People also search for: dog cyclosporine side effects · dog blood clot risk · dog immune system medication effects
Abstract
BACKGROUND: Cyclosporine has been shown to alter platelet plasma membranes and have a hypercoagulable effect in humans, leading to thromboembolic complications. HYPOTHESIS/OBJECTIVES: Our hypothesis was that by modulating platelet reactivity, cyclosporine increases the risk of thromboembolic complications. The objective was to determine the effects of cyclosporine on primary hemostasis in normal dogs. ANIMALS: Eight healthy, intact female dogs. METHODS: A repeated-measures design utilized flow cytometry to evaluate platelet expression of platelet reactivity markers (P-selectin and phosphatidylserine) and COX-1 and COX-2 during the administration of 2 cyclosporine dosages (19 mg/kg q12h [immunosuppressive dosage] and 5 mg/kg q24h [atopy dosage]).

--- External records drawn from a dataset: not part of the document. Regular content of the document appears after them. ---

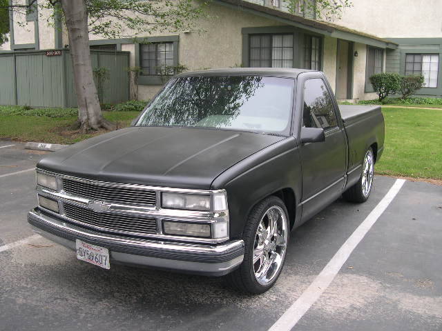 Shaved handles, and primer,sport mirrors, rollpan, billet grill and bowtie.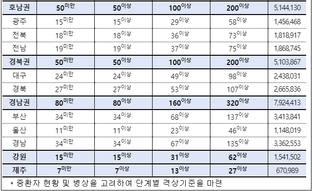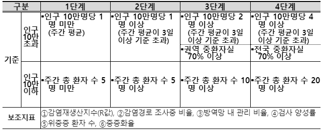 - , 인구 10만명 이하 지역은 주간 총 환자 수라는 별도의 기준을 마련하여 적용한다.
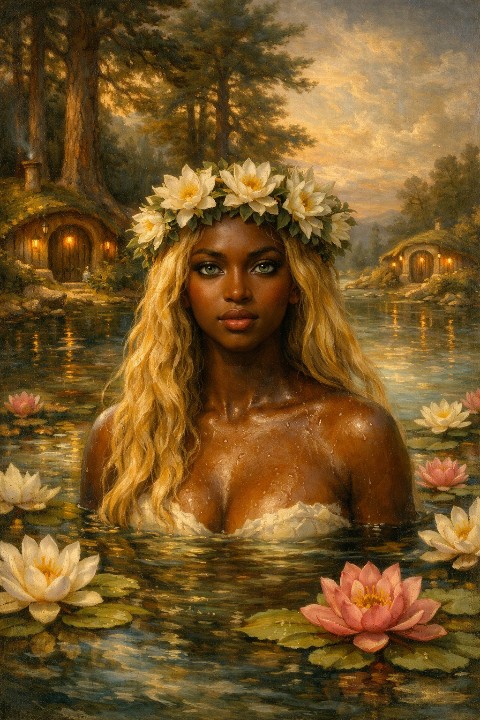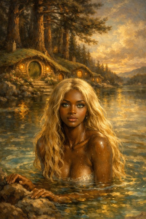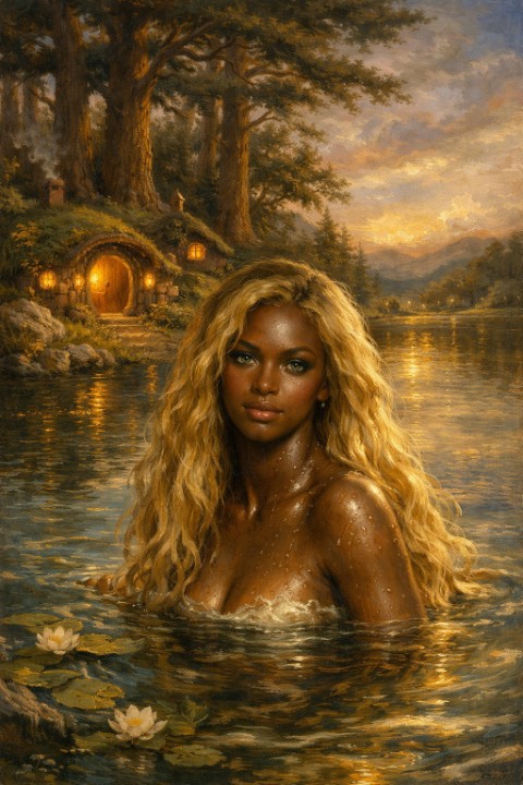 Промпт: Тъмнокожа девойка с дълги руси коси, падащи на вълни върху раменете и, с изумрудени очи, която излиза от кристално чисто езеро. До езерото има къщи на хобити под огромни борове. Стил барокова живопис, привечер, нежни цветове, златисти светлинни акценти. Предложи ми избор между два варианта на отговор. В единия не ми допадна положението на главата, а в другия - ръцете на камъните. Редактирах промпта като зададох анфас и частично потопени ръце, добавих венец от лилии на глвата. Доволна съм от реултата. Поисках да редактира изображението в стил кубизъм, но се оказа, че съм изчерпала лимита. Върна ми промпт за кубистична композиция. Поисках варианти на промпта в 10 стила. Получих за: 1. Поетичен стил; 2. Фентъзи стил, 3. Реалистичен художествен стил; 4. Кинематографичен стил; 5. Минималистичен стил; 6. Романтичен стил; 7. Детайлно описание (за AI генератор); 8. Живопис в стил барок; 9. Магически реализъм; 10. Арт концепт (игрови/илюстрация). Любопитна съм как ще ги визуализира. Искате ли да ви покажа някои от резултатите?

Urine 11-dehydro-thromboxane-B(2) (11-dTXB(2) ) concentration was normalized to urine creatinine concentration, and platelet function was analyzed by PFA-100. RESULTS: After a week of the immunosuppressive dosage, all platelet reactivity markers showed a significant decrease in mean fluorescent intensity (MFI). After the atopy dosage, only P-selectin and COX-2 MFI demonstrated a change from baseline, decreasing by 29% (P = .013) and 31% (P = .003), respectively. Urinary 11-dTXB(2) -to-creatinine ratio significantly increased at all time points during the immunosuppressive dosage, but no significant change occurred during administration of the atopy dosage. PFA-100 closure times using collagen/ADP cartridges increased by 62% (P = .008) with the immunosuppressive dosage and decreased by 45% with the atopy dosage (P = .035). No significant changes in closure times occurred with collagen/epinephrine cartridges. CONCLUSIONS AND CLINICAL IMPORTANCE: Our study suggests that, similar to what is observed in humans, cyclosporine alters the platelet plasma membrane and increases thromboxane production in dogs, especially at immunosuppressive dosages.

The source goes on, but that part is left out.